■ **WHAT TO DO**: Transcribe exactly, please, the lines from the one containing "was made to" through the end of the records below, and leave out the pictures.

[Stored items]
[Start of section]

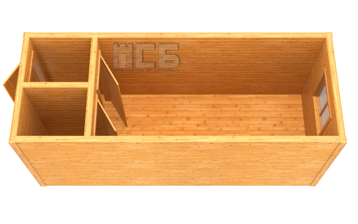 | Входная дверь | Каркасная, снаружи оббита вагонкой, с ручками и проушинами под навесной замок | |
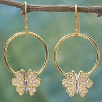 "Brilliant butterfly wings are spread in full display in 18k gold plated sterling silver earrings from Mahavir of India. The earrings showcase sparkling cubic zirconia cut and fitted into textured golden wings and a sterling silver body to add a contrasting glow. The butterflies will fly delightedly as the hoops swing from hooks."
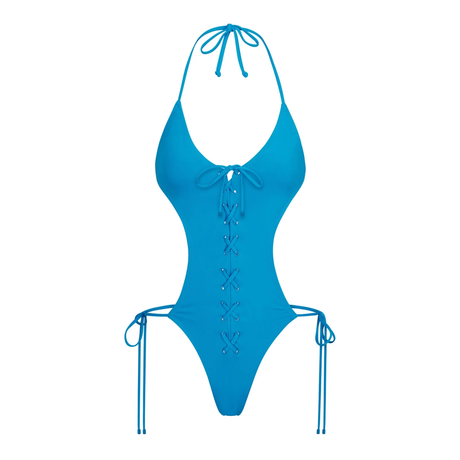was made to flatter and stand out. Features front lace-up details with eyelets and adjustable ties at the neck and center back for support. Size up for the best fit.
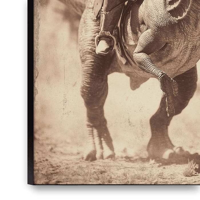 In a buzzing mixture of Wild West charm and prehistoric fascination, a cowboy rides a huge T-Rex through a dusty landscape. The warlike look of the dinosaur combined with the casual appearance of the rider creates an unexpected but captivating image of adventure and daring. Adventurous tropes meet the wilderness of history!
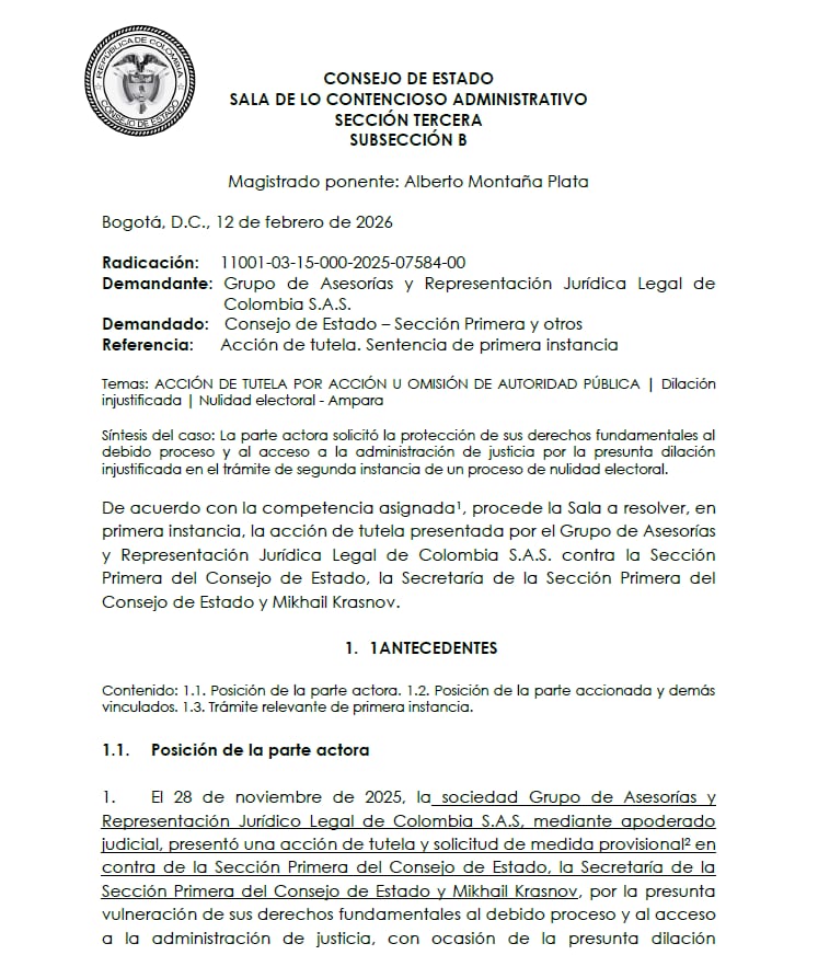 El Consejo de Estado amparó los derechos fundamentales al debido proceso y al acceso a la administración de justicia de la sociedad Grupo de Asesorías y Representación Jurídica Legal de Colombia S.A.S., al concluir que el trámite de segunda instancia de la nulidad electoral contra el alcalde de Tunja fue objeto de una dilación injustificada.
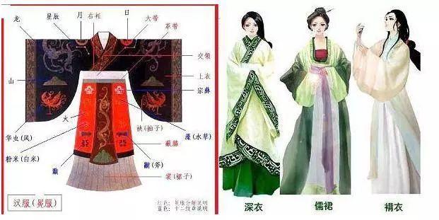 关于先秦时期的衣服款式,在《诗经邶风绿衣》就有体现:“绿衣黄裳。”这里面的“衣”指上衣,而“裳”指的是裙。如果,衣裳连在一起的叫作“深衣”。西周时期的“六服”与黄帝时期的上衣下裳不同,西周时期的冕服是相连的,不分衣和裳,素纱上下相连,称之为“深衣”。当然,春秋时期服饰已经没有那么严格的规定了,当时有两种款式,一种是“上衣下裳”衣裳不相连,另外一种是“深衣”是相连的。
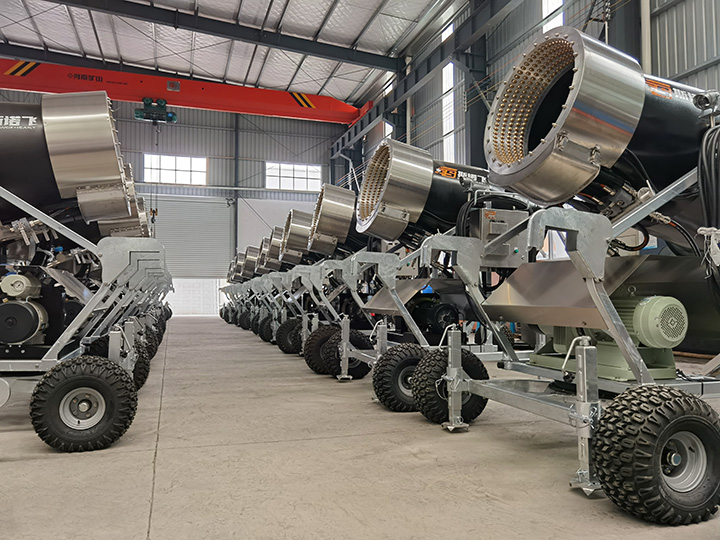 公司成立多年來,擁有自己固定生產人員和專業團隊。本公司生產的造雪機按規格分類有大型、中型、小型、微型四個品種;按使用環境分類有不帶高壓水泵和自帶高壓水泵兩大類;按走行方式分類有拖拉式走行和自主走行兩類。
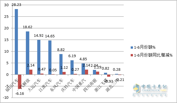 特點(diǎn)五:1-6月:福田霸榜;解放、大運分別居亞軍和季軍;top10同比7增3降;份額同比7增3減,解放、重汽增加最多表現搶眼。
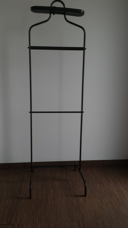 Praktický kovový sluha černé barvy. 3 háčky na pásky, kravaty, šátky nebo kabelky. Oodnímatelný podnos na hodinky, šperky a další drobnosti. Možno připevnit ve dvou různých výškách. (stav - zachovalý)Inzerce v regionech

[End of section]

■ **REPLY**:
was made to flatter and stand out. Features front lace-up details with eyelets and adjustable ties at the neck and center back for support. Size up for the best fit.
 In a buzzing mixture of Wild West charm and prehistoric fascination, a cowboy rides a huge T-Rex through a dusty landscape. The warlike look of the dinosaur combined with the casual appearance of the rider creates an unexpected but captivating image of adventure and daring. Adventurous tropes meet the wilderness of history!
 El Consejo de Estado amparó los derechos fundamentales al debido proceso y al acceso a la administración de justicia de la sociedad Grupo de Asesorías y Representación Jurídica Legal de Colombia S.A.S., al concluir que el trámite de segunda instancia de la nulidad electoral contra el alcalde de Tunja fue objeto de una dilación injustificada.
 关于先秦时期的衣服款式,在《诗经邶风绿衣》就有体现:“绿衣黄裳。”这里面的“衣”指上衣,而“裳”指的是裙。如果,衣裳连在一起的叫作“深衣”。西周时期的“六服”与黄帝时期的上衣下裳不同,西周时期的冕服是相连的,不分衣和裳,素纱上下相连,称之为“深衣”。当然,春秋时期服饰已经没有那么严格的规定了,当时有两种款式,一种是“上衣下裳”衣裳不相连,另外一种是“深衣”是相连的。
 公司成立多年來,擁有自己固定生產人員和專業團隊。本公司生產的造雪機按規格分類有大型、中型、小型、微型四個品種;按使用環境分類有不帶高壓水泵和自帶高壓水泵兩大類;按走行方式分類有拖拉式走行和自主走行兩類。
 特點(diǎn)五:1-6月:福田霸榜;解放、大運分別居亞軍和季軍;top10同比7增3降;份額同比7增3減,解放、重汽增加最多表現搶眼。
 Praktický kovový sluha černé barvy. 3 háčky na pásky, kravaty, šátky nebo kabelky. Oodnímatelný podnos na hodinky, šperky a další drobnosti. Možno připevnit ve dvou různých výškách. (stav - zachovalý)Inzerce v regionech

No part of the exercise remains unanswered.